When a tensor graph is submitted into Mars scheduler, a graph comprises of
operands and chunks will be generated given
chunk_size parameters passed in
After tiling a tensor graph into a chunk graph, we will combine adjacent nodes
to reduce graph size as well as to utilize acceleration libraries such as
numexpr. Currently Mars only merges operands that forms a single chain
without branches. For example, when executing code
import mars.tensor as mt a = mt.random.rand(100, chunk_size=100) b = mt.random.rand(100, chunk_size=100) c = (a + b).sum()
Mars will compose operand ADD and SUM into one FUSE node. RAND operands are excluded because they don’t form a line with ADD and SUM.
Initial Worker Assignment¶
Assigning operands to workers are crucial to the performance of graph execution. Random worker assignment will contribute to huge network cost and imbalanced workload between different workers. Since the workers of non-initial operands can be effectively decided given data distribution and cluster idleness, we only assign workers for initial nodes in graph preparation stage.
Initial worker assignment should obey several principles. First, the number of operands assigned to each worker should be balanced. This makes full use of the cluster especially in the late stage of graph execution. Secondly, operand assignment should minify the amount of network transfer in its descendants. That is, locality need to be observed in the assignment process.

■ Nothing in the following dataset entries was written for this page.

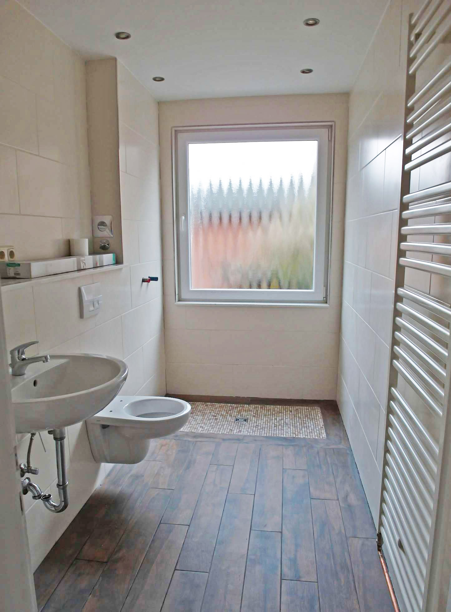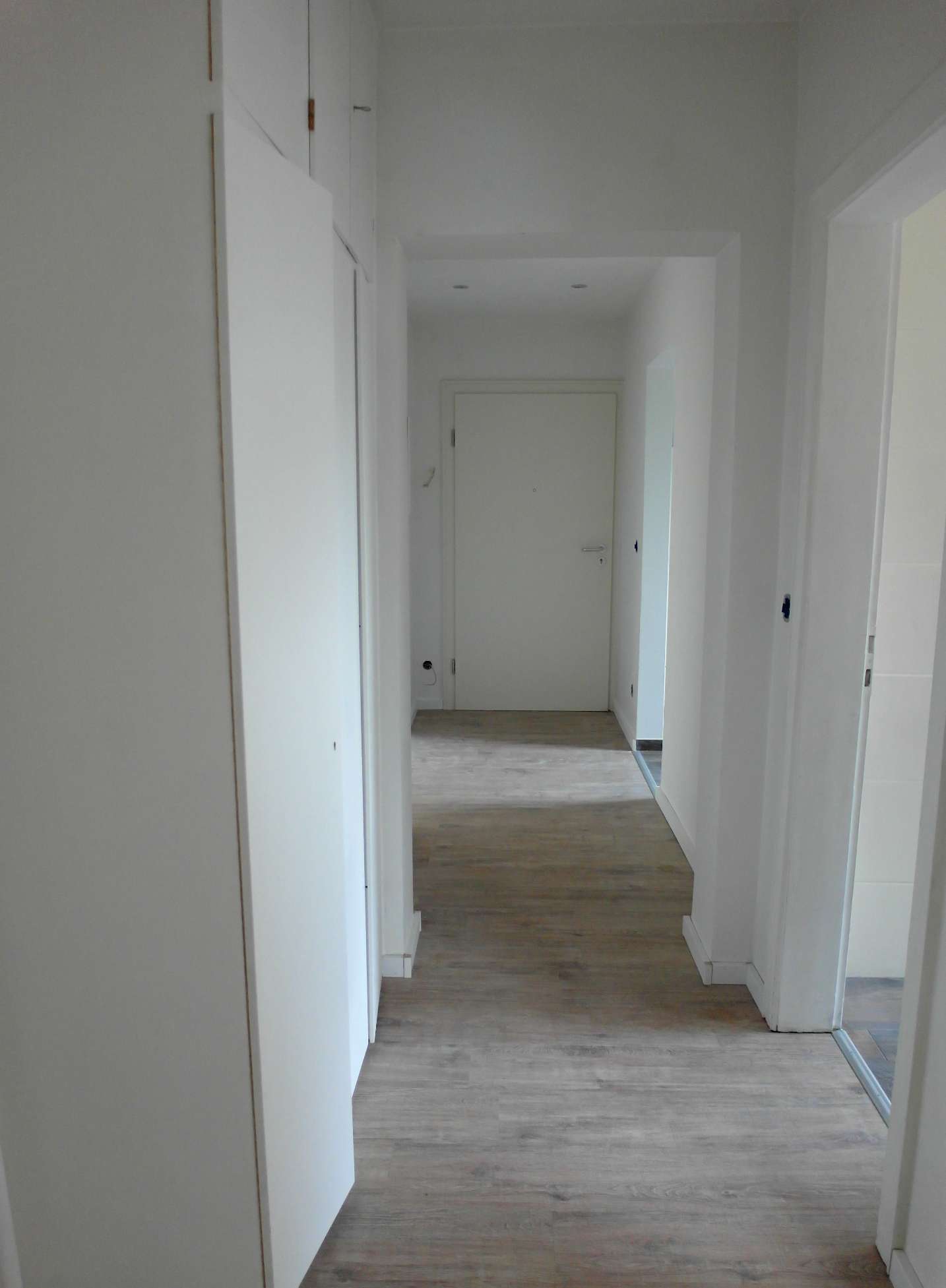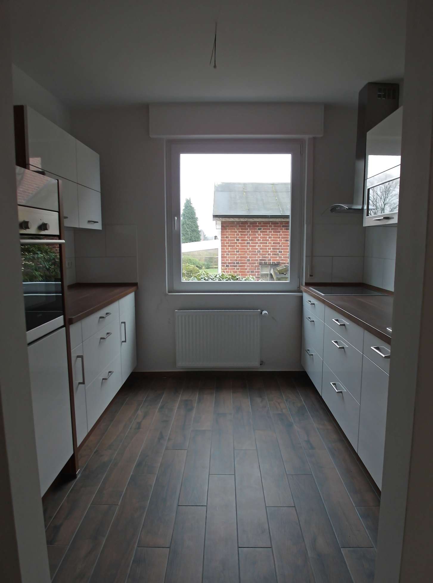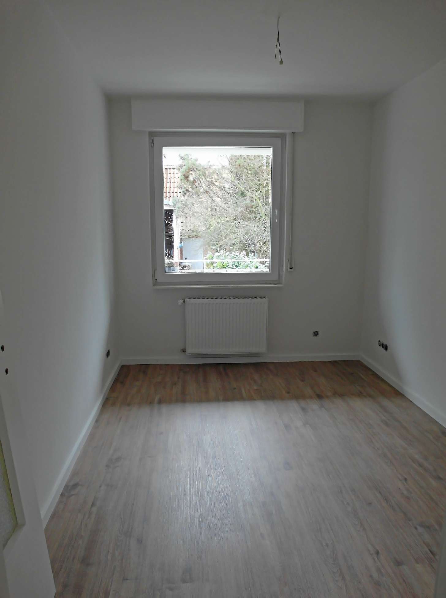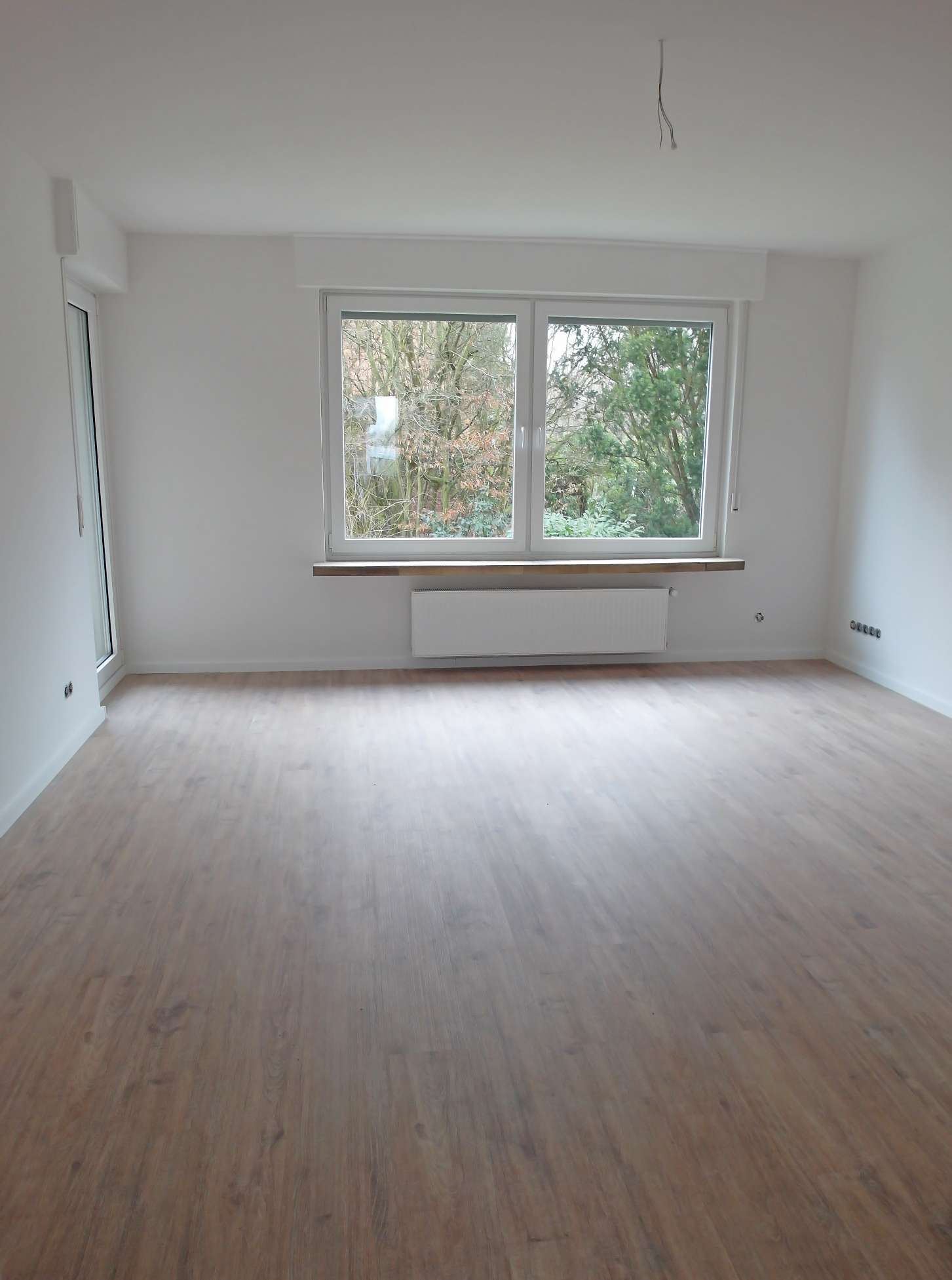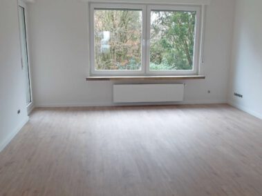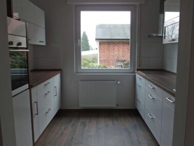 Diese vor Mietbeginn komplett modernisierte Wohnung besticht durch ihre geschmackvolle Ausstattung und den praktischen Grundriss: alle Räume sind vom Flur aus zu erreichen. Die Wohnräume sind einheitlich mit Laminatboden in dunkler Dielenoptik ausgestattet, die Wände sind zeitgemäß glatt geputzt und hell gestrichen. Das großzügig geschnittene und barrierefreie Duschbad (mit Fenster) ist in einem Cremeton gefliest, der Boden im Duschbereich hebt sich durch dunkle Mosaikfliesen geschmackvoll ab. Die Küche ist mit einer modernen hellen Einbauküche ausgestattet und lässt keine Wünsche offen. Vom Wohnzimmer gelangt man auf den großen überdachten Balkon, der im Sommer einen sehr schönen zusätzlichen Platz zum Verweilen bietet.
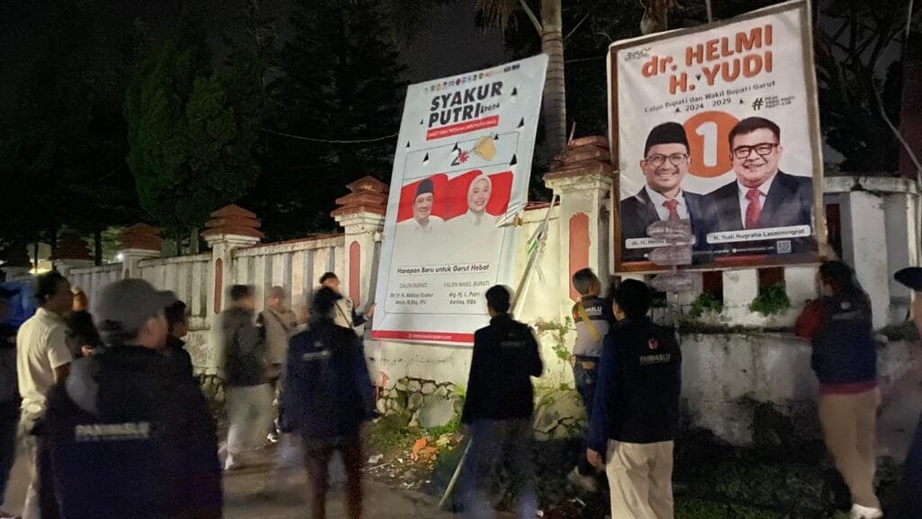 Garut | Polsek Malangbong bersama unsur Forkopimca, PPK dan Panwaslu melaksanakan pendampingan dalam kegiatan penertiban alat peraga kampanye (APK) di wilayah Kecamatan Malangbong. Minggu (24/11/2024).
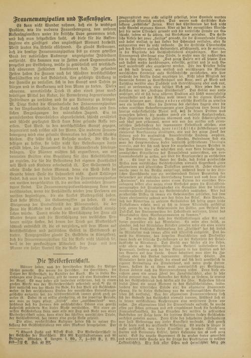 Es kann nicht Wunder nehmen, daß ein so wichtiges Problem, wie die moderne Frauenbewegung, von unseren Rassenhygienikern unter die kritische Lupe genommen wird, und daß man festzustellen sucht, ob diese für die Rasscn- hygiene ein günstiges oder ungünstiges Moment darstellt. Meist lauten die Urteile ablehnend. So glaubt Reibmayer, daß die heutige Frauenemanzipation bis zu einem gewissen Grad der natürlichen Ausmerze ungeeigneter Individuen entspricht. Sie kommen nur in Zeiten eines Degenerations- Prozesses zur Entstehung, welche ja gewöhnlich mit Wirtschaft- lich abnormen Zuständen kombiniert sind. In gesunden Zeiten haben die Frauen auch bei schlechten wirtschaftlichen Verhältnissen nie das Bedürfnis, ihre geschützte Stellung in der Familie zu verlassen, sich in den Kampf ums Dasein zu stürzen und in Konkurrenz mit dem Mann zu treten. Diese; abnorme, unnatürliche Trieb ist aber eines jener merkwürdigen Mittel der Natur, die Vermehrung degenerierender Individuen zu verhüten und sie zur Ausmerze zu bringen. M. Dieze findet die Grundursache der Früucnemanzipation in der Ungebundcnheit, der Sucht nach Wohlleben und sinnlichen Vergnügungen der männlichen Jugend. Ein im zermürbenden Erwerbsleben abgcarbcitetes, schlecht ernährtes und schlecht gepflegtes Weib kann keine gesunde Rasse ver- erben. Das Weib, in den wirtschaftlichen Kampf gezogen, degeneriert noch rascher als der Mann. Die moderne Frauenbewegung wird eine gesunde Generation der Zukunft schuldig bleiben. Sie sollte sich zur Aufgabe machen, die Ehe befestigen zu helfen, sie sollte nicht ihre Bestrebungen darin erfüllt sehen, die Frauenwelt in die Männerberuse hineinzn- drängcn. Die Männer müßten sich organisieren, um mit vereinten Kräften eine Bezahlung für ihre Arbeitsleistung zu erzielen, die für die Bestreitung des eigenen Haushaltes mit Weib und Kindern erforderlich ist. Der Gelderwerb sei allein Sache des freien Mannes, denn ein Weib liebt im Grunde seiner Seele die Lohnarbeit nicht. Hans Tehlinger findet, daß man in den Ländern, wo die Frauenemanzipation am meisten vorgeschritten ist, die meisten männlichen Frauentypen findet. Die Frauenemanzipationsbewegung kann nur verschwinden, wenn die Verhältnisse wieder jene Personen am meisten begünstigen, die ein starkes Muttergcfühl haben. Das beste Mittel, die Geburtenziffer zu heben, ist eine Steigerung der Produktivität der Männerarbcit, die de: Frau die Rückkehr ins Haus und zur Mutterschaft ermöglichen würde. Damit würde die Wertschätzung der Frau als Mutter steigen und die Wertschätzung von weiblichen Personen müßte sinken, bei denen der Trieb zur Mutterschaft schwach entwickelt ist, die cs vorziehcn^ mit dem Mann aut wirtschaftlichen! und politischem Gebiet in Wettbewerb zu treten. Demgegenüber glaubt Dr. Goldstein in Königsberg, daß die Fraueneinanzipation für die Rasse nicht schädlich sei, weil in der zweckmäßigen Mitarbeit der Frau mit dem Manne ein hoher Vorteil für die Rasse liege.

Note that these principles sometimes collides with each other. That is, a network-minimal solution may be quite biased. We developed a heuristic algorithm in practice that takes a balance between minimal network transfer and worker load balance. The algorithm is described below:
- Select the first worker who does not have any operands;
- Start breadth-first search on the undirected graph produced from the operand graph;
- When an initial operand is visited, we assign it to the worker we selected in Step 1;
- Stop assignment when the number of operands visited is greater than the average number of operands for every worker;
- Go to Step 1 when there are workers left.